## What you are asked to do
Beginning at the line that contains "Lille Havn weite", output each line exactly through the end of the records, and drop any pictures.

^^^^^^^^

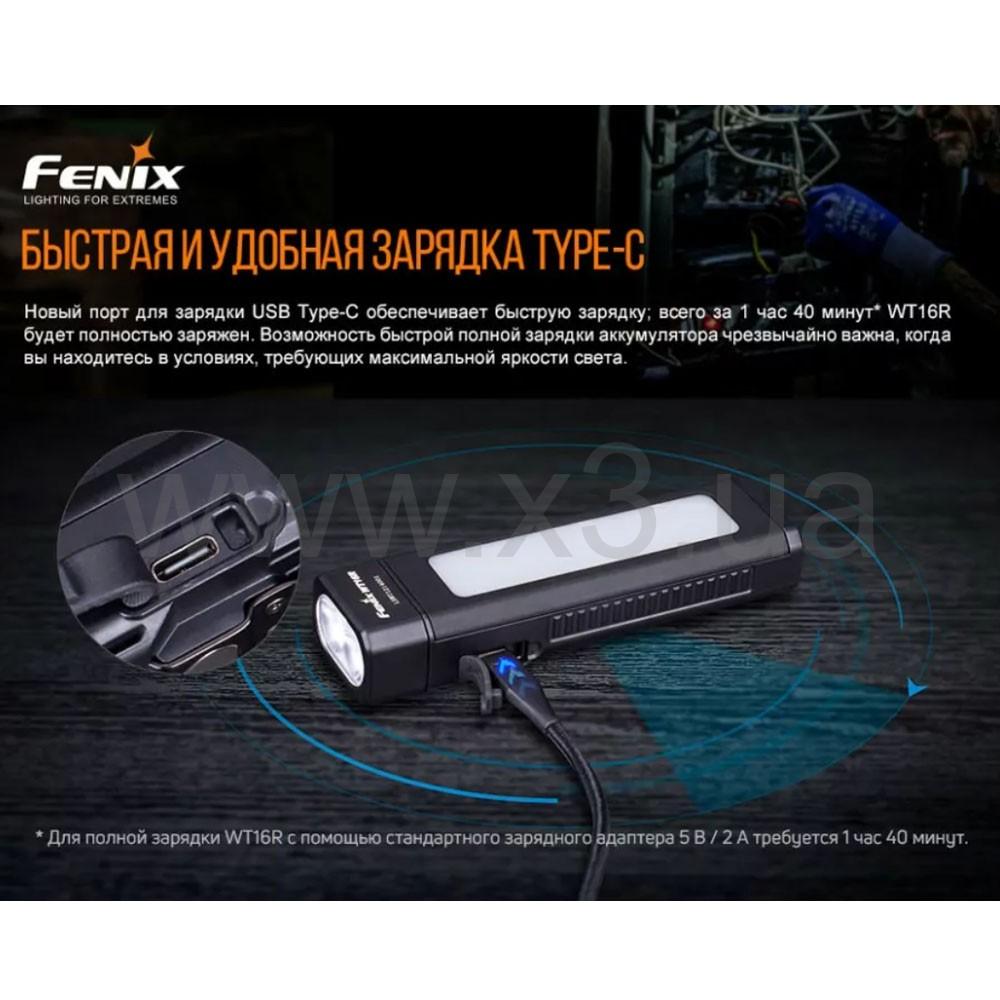 Комплектация: Фонарь Fenix WT16R, кабель для зарядки USB Type-C, ремешок на руку, инструкция, гарантийный талон.
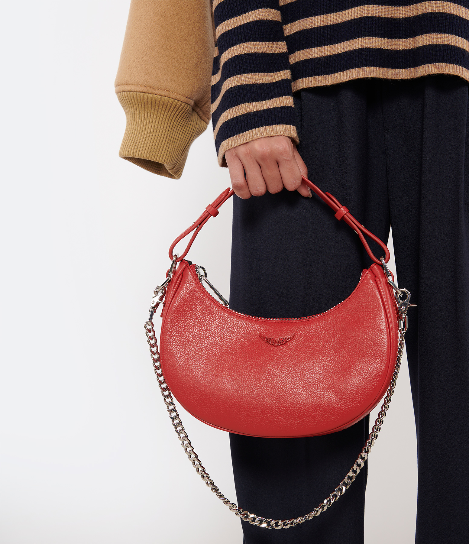 Sac en cuir grainé rouge en forme de demi-lune. Anse en cuir réglable pour un porté main et bandoulière en nylon amovible et réglable pour un porté épaule ou cross body. Chaine décorative argentée. Fermeture par zip argenté. Ailes emblématiques de la marque strassées à l'avant. Un grand compartiment doublé en tissu noir avec une poche plaquée en cuir rouge.
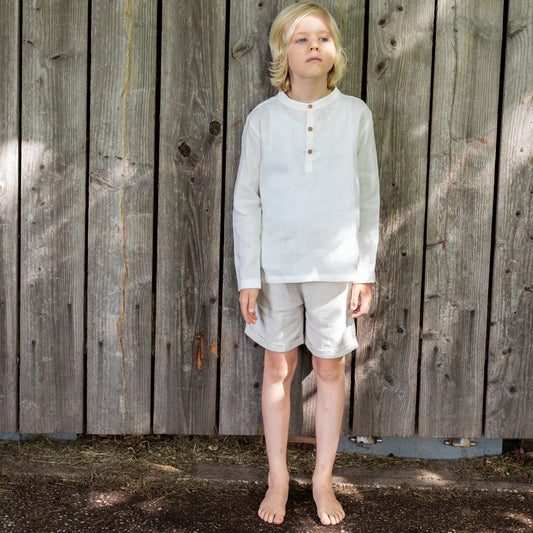 Lille Havn weite Sommerhose mit Paperbagbund weiß-gelb
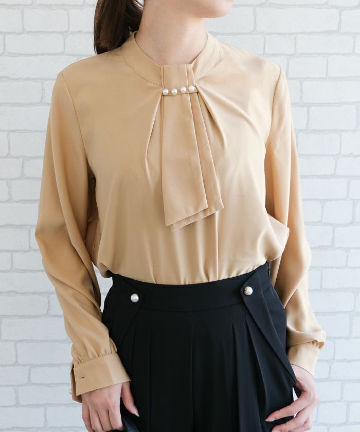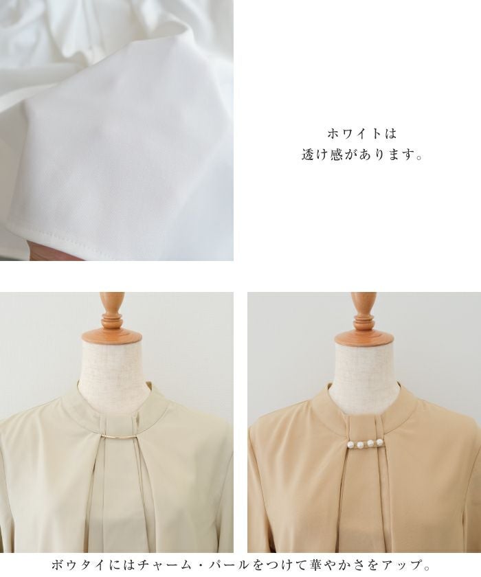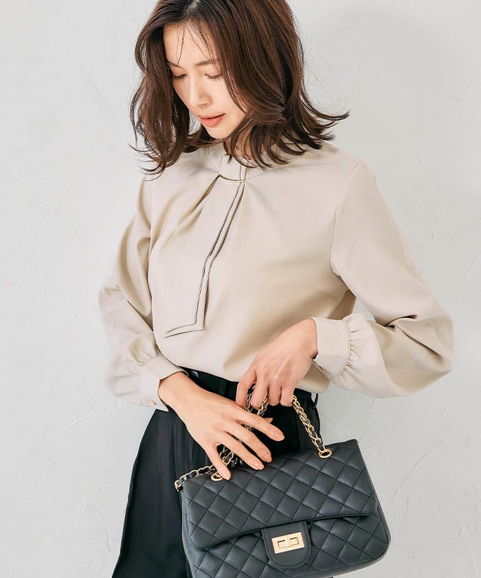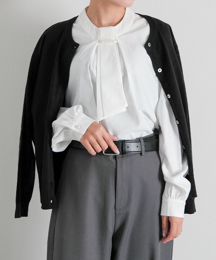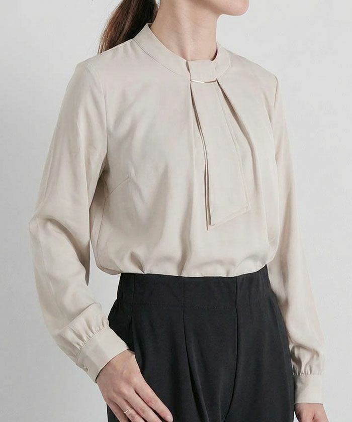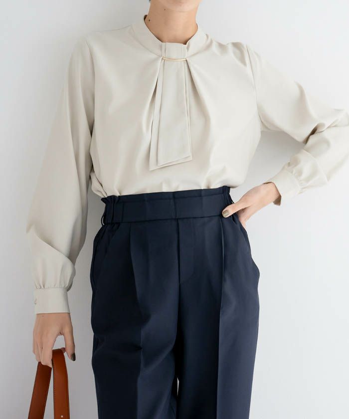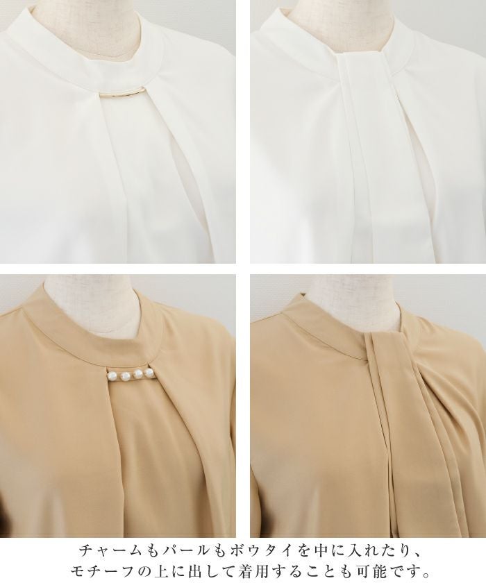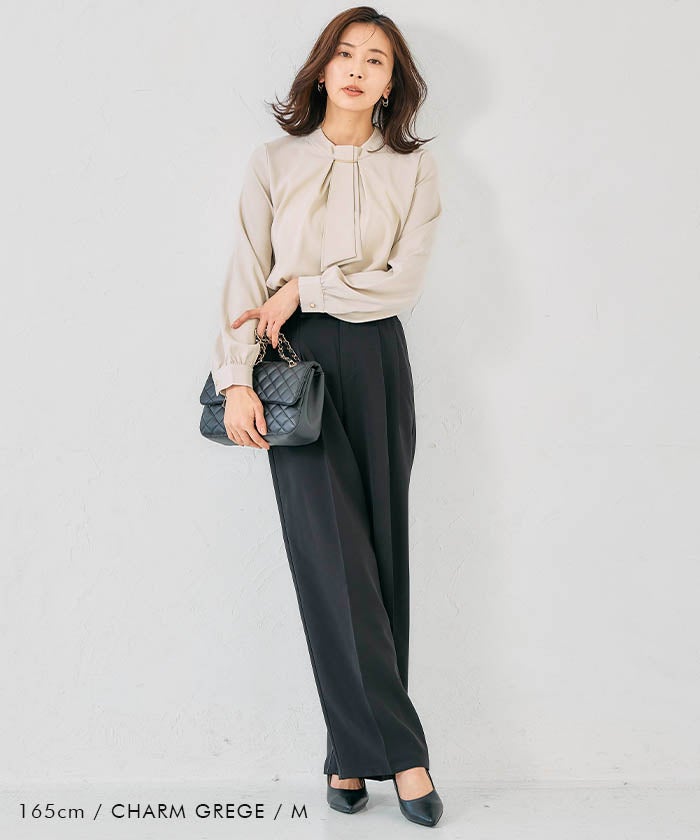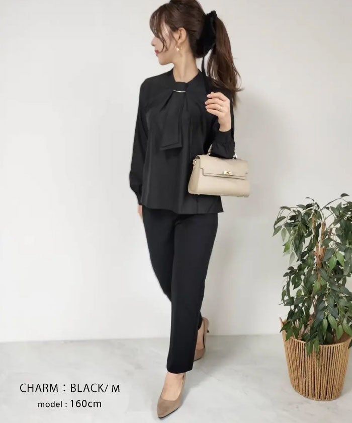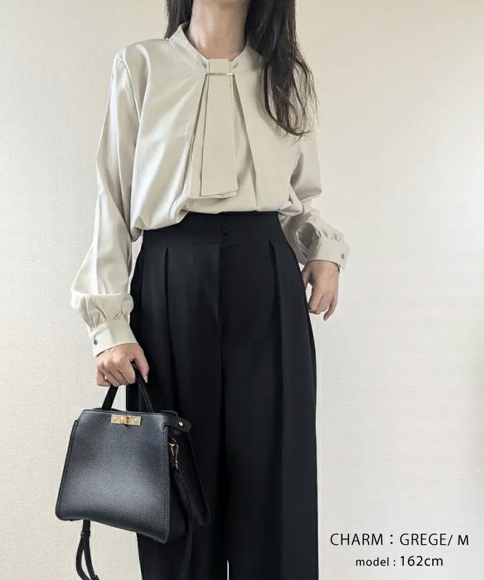 • 上品な印象のチャーム付きボウタイブラウス
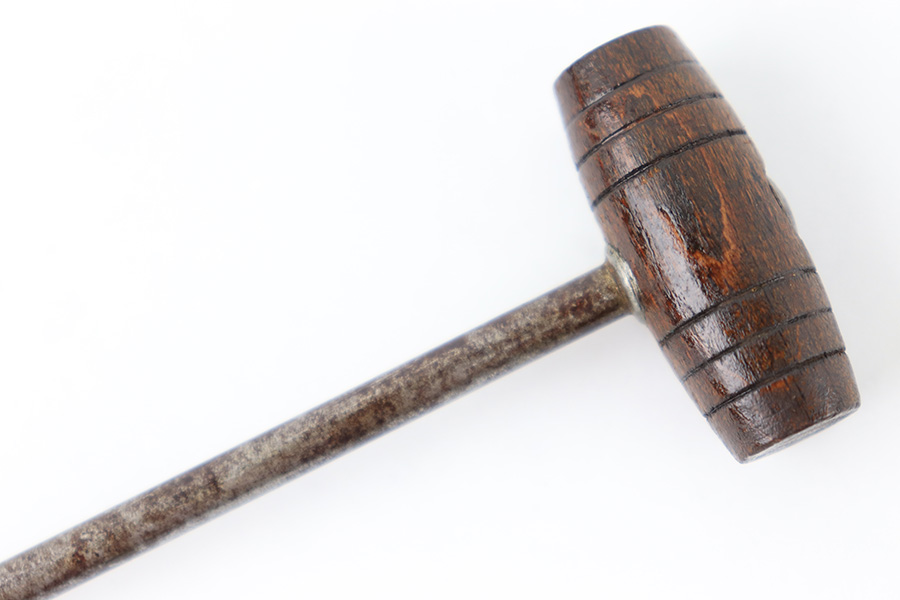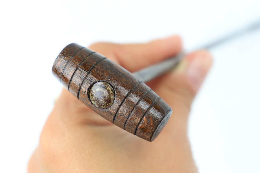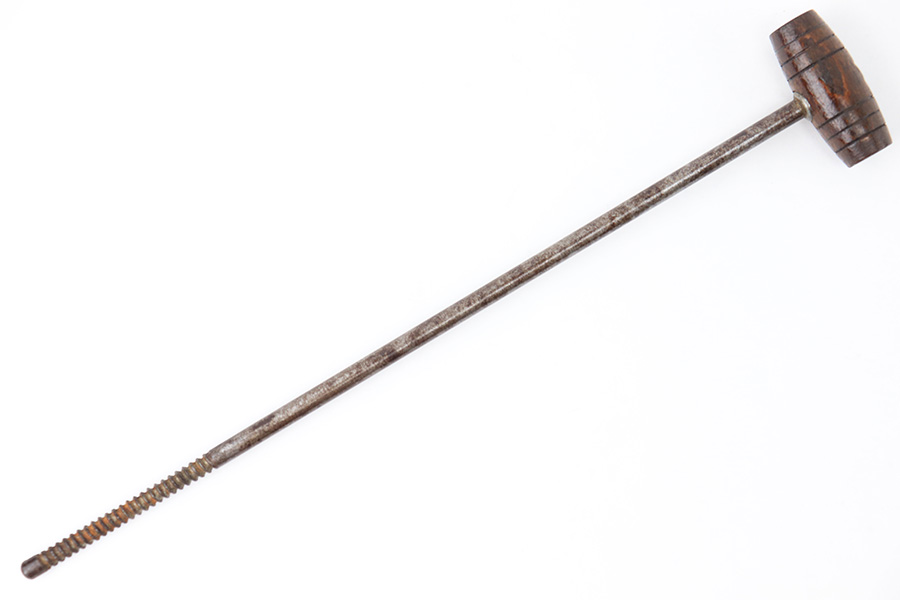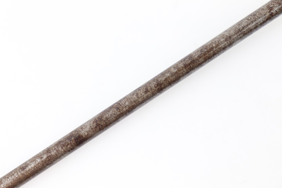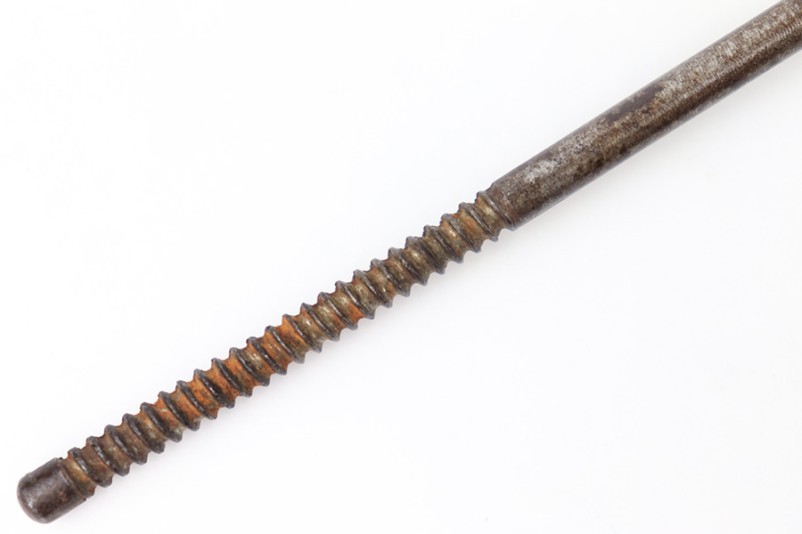 8/15/23 – This is an original WW1 era production Artillery Luger cleaning rod. The cleaning rod measures 25.1cm long (just under 10in) and is in great overall condition. The rod has light surface patina and dark discoloration throughout, as well as some mild rust in the grooves at the base. The top of the rod has the original wood handle, which swivels on a ball socket. No cracks or chips in the wood.

^^^^^^^^

## Written solution
 Lille Havn weite Sommerhose mit Paperbagbund weiß-gelb
 • 上品な印象のチャーム付きボウタイブラウス
 8/15/23 – This is an original WW1 era production Artillery Luger cleaning rod. The cleaning rod measures 25.1cm long (just under 10in) and is in great overall condition. The rod has light surface patina and dark discoloration throughout, as well as some mild rust in the grooves at the base. The top of the rod has the original wood handle, which swivels on a ball socket. No cracks or chips in the wood.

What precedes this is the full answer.